Problem is I am not as smart as I was forty years back when I did vibration analysis using computers (you now call them calculators). So I am going to assume no damping in the materials.
I am further going to assume that the ball has no stiffness, just the plate has stiffness.
Consider the case where a weight "W" falls from height "h" on a spring with stiffness "K". Assume the deflection in the plate is "d". The static force produced on the plate is "F".
Hence
W(h+d) = 1.5*F*d
If "ds" is the static deflection due to weight "W", then
F = (d/ds)*W
From these equations we get
F = W(1+sqrt[1+2h/ds])
When h=0, F=2. (P.S. I copied this from a book)
In this case, h=0.5m, assume ds = 10%of (0.05m)=0.005
Hence F=W(1+sqrt[1+2*0.5/0.005])=W*(1+sqrt{200])
=W(1+14.14) = 15.14W
This obviously tells me that I was wrong, provided assumptions are correct.
RE: Impact Force
P=k*y^(3/2)
where k is a constant that can be calculated from the geometry and material properties. Assume that this equation holds for the dynamic case we are now examining, as well as for the static case for which it was derived. (In other words, assume elastic behaviour and no energy losses.)
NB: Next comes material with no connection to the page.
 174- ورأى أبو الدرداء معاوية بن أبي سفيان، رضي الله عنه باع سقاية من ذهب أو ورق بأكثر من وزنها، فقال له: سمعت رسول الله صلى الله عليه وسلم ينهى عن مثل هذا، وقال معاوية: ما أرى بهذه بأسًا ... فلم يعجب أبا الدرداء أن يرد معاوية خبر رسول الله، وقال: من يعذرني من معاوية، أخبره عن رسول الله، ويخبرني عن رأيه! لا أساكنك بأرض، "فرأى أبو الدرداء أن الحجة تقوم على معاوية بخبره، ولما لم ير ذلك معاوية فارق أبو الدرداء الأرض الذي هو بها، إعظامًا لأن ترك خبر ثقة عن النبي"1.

The equation of motion for the falling sphere after it has made first contact can now be written:
m*y'' = m*g - k*y^(3/2)
where y'' is the second derivative of y with respect to time.
Initial conditions are that at t=0 we have
y=0, and
y' = (2*g*h)^(1/2)
This differential equation can easily be solved numerically for the peak value of y, and then the peak value of the contact force can be calculated directly from that peak y.
HTH
RE: Impact Force
Using Roark's equation and a numerical integration the peak force is 68 kN for a flat plate (Timoshenko 67 kN), and the average during the 0.171 ms of contact is about 37 kN. The plot of deflection vs time is roughly a half sine wave.
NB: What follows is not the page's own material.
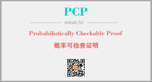 英文缩略词“PCP”经常作为“Probabilistically Checkable Proof”的英文缩写来使用,中文表示:“概率可检查证明”。本文将详细介绍英文缩写词PCP所代表英文单词,其对应的中文拼音、详细解释以及在英语中的流行度。此外,还有关于缩略词PCP的分类、应用领域及相关应用示例等。

Note that in practice a large steel plate may have modal behaviour that affects these results. I suspect this will soften the plate, reducing the peak force.
Cheers
Greg Locock
RE: Impact Force
Would it not be more accurate to calculate the deflection and stresses based upon the strain energy absorbed by the entire structure?
Even better, make sure the crane operator can not drop the load, and not consider this in the calculations?
RE: Impact Force
Most inspection tables (I believe 99%) are made of granite so that you can maintain an even wear surface.
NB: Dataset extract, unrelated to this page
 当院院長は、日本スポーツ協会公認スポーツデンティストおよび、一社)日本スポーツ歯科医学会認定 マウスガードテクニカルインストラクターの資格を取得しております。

In your scenario it WILL be damaged and you don't have too many other options for materials without having to worry about expensive calibrations on a frequent basis. My advice is to rig a lift assist to prevent the part from slamming into the inspection table.
Finally since it is a cast somponent I would definitely recommend the granite - 6 to 8" thick should do the job.